The plot revolved around an Indian Bollywood movie star, Gibreel
Farishta, who makes it big in
London and insists on becoming British. The conflict between his
Western and Eastern
identities is symbolized by his mental breakdown and descent into
schizophrenic delusion in which he, often humorously, believes
himself to literally be the archangel Gibreel. In several sequences
in the book, the man Gibreel Farishta has vivid dreams, while
sleeping, about being sent by Allah to communicate his
wishes to Mahound, an umistakable representation of Mohammad, the
prophet of Islam.
Some
details of the story were deemed offensive to Muslims.
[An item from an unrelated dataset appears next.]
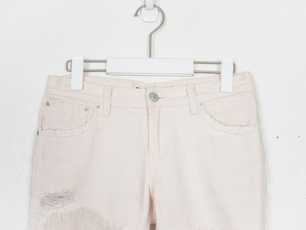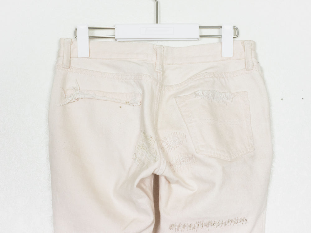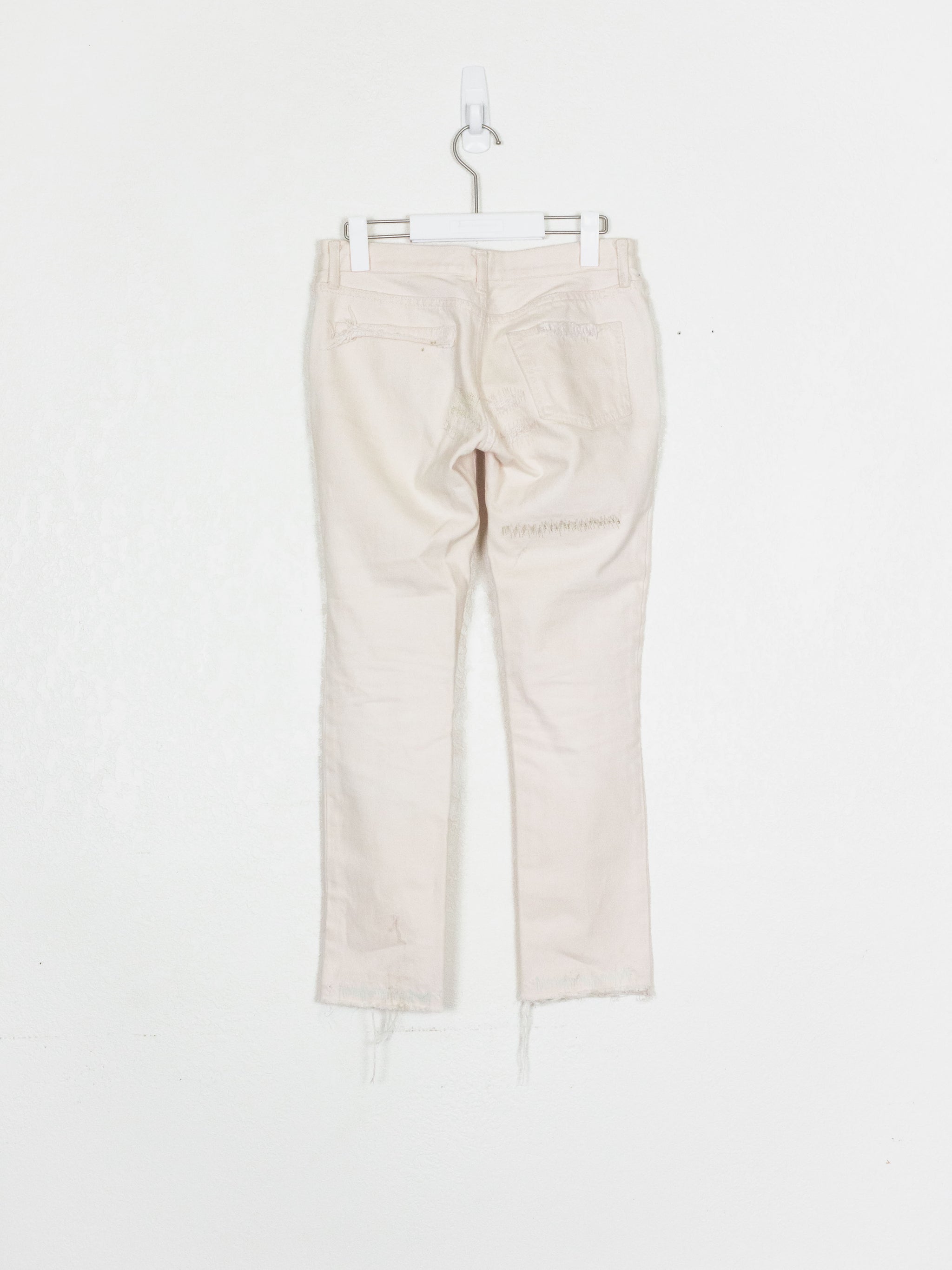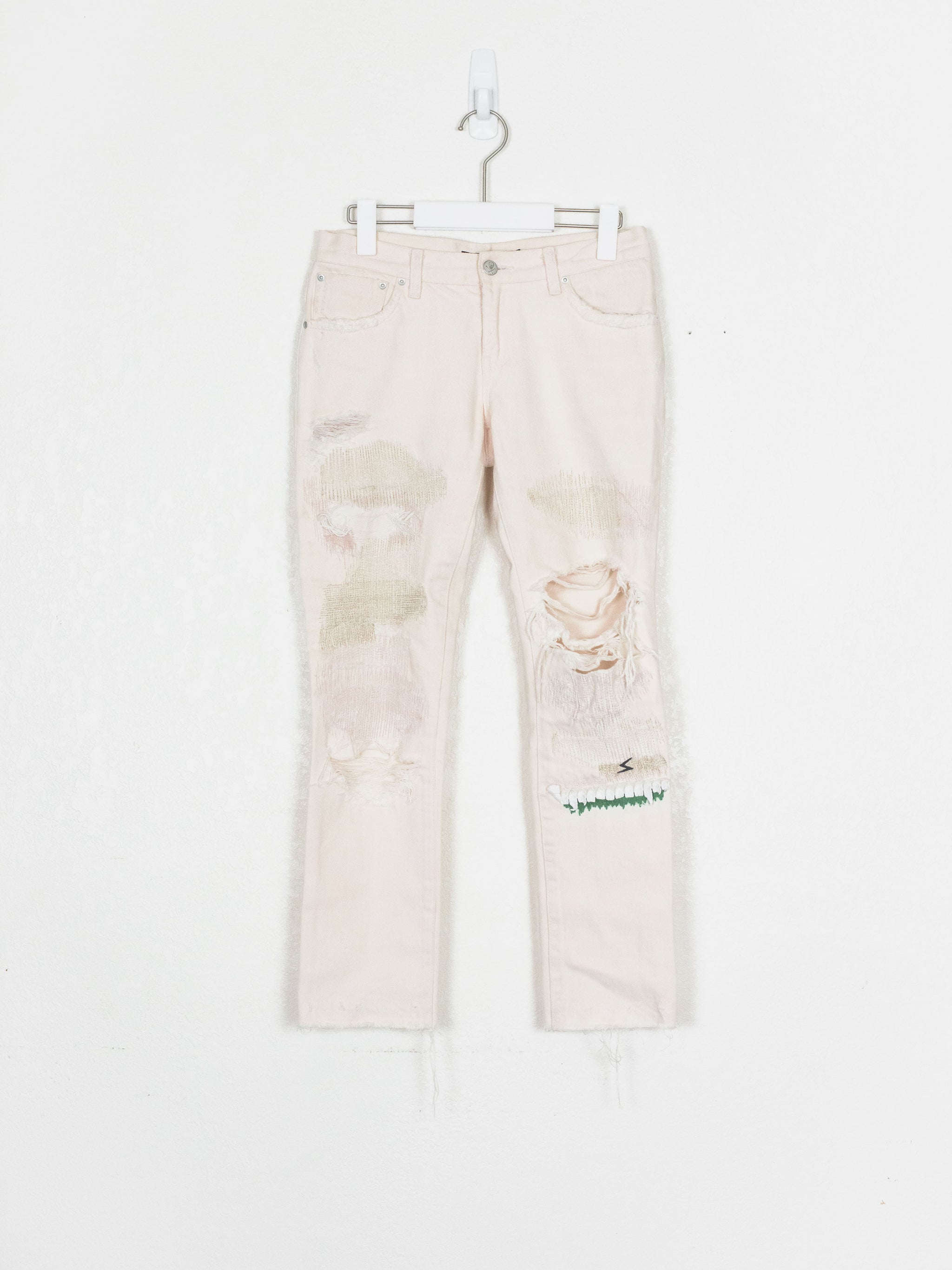 An incredible iteration of the famous 64 denim, loaded with details from the gold stitching over a beautiful cream denim highlighting the carefully considered distressing, to the monster teeth patch detail as part of the "But Beautiful" series of non traditional beauty.

There are
several characters who speak
out against Mahound, declaring him to be a fraud and a charlatan. It
has often been pointed out that these characters were not portrayed
as heroes in Rushdie’s depiction; they were parts of subplots that
exemplified the opponents of Islam during Mohammad’s life and they
did not represent Rushdie’s personal views on Islam. Another
problematic subplot involves
an Indian cult leader who takes
her followers on a suicide mission to drown themselves in the sea in
order to reach paradise; the cult leader’s name was Ayeesha, the
name of Mohammad’s wife who he married when she was at the age of
four. The most controversial
detail involves
twelve prostitutes in Arabia, each one taking a name of one of the
prophet’s wives. It must be noted that these prostitutes were not
actually portrayed as Mohammad’s wives but merely as whores who
tried to capitalize off his popularity during his
lifetime.
Before
the novel was released to the public, its publisher, Viking –
Penguin, began receiving requests from Muslim leaders to halt its
publication. The publishers went through with their plans and The
Satanic Verses was first
released in the United Kingdom in 1988. It
was an instantaneous controversy and several countries around the
world passed laws banning it on grounds of blasphemy. The first
protest against the book took place in London, early in 1989. The
demonstration was peaceful and was limited to a small group of
Muslims who burned one copy of the novel. In 1989, the first American
edition was released to wild critical acclaim.
At
that time, street protests in England began to grow bigger and
angrier. Mobs gathered to burn piles of Rushdie’s books and the
protests spread to several other Islamic countries around the world.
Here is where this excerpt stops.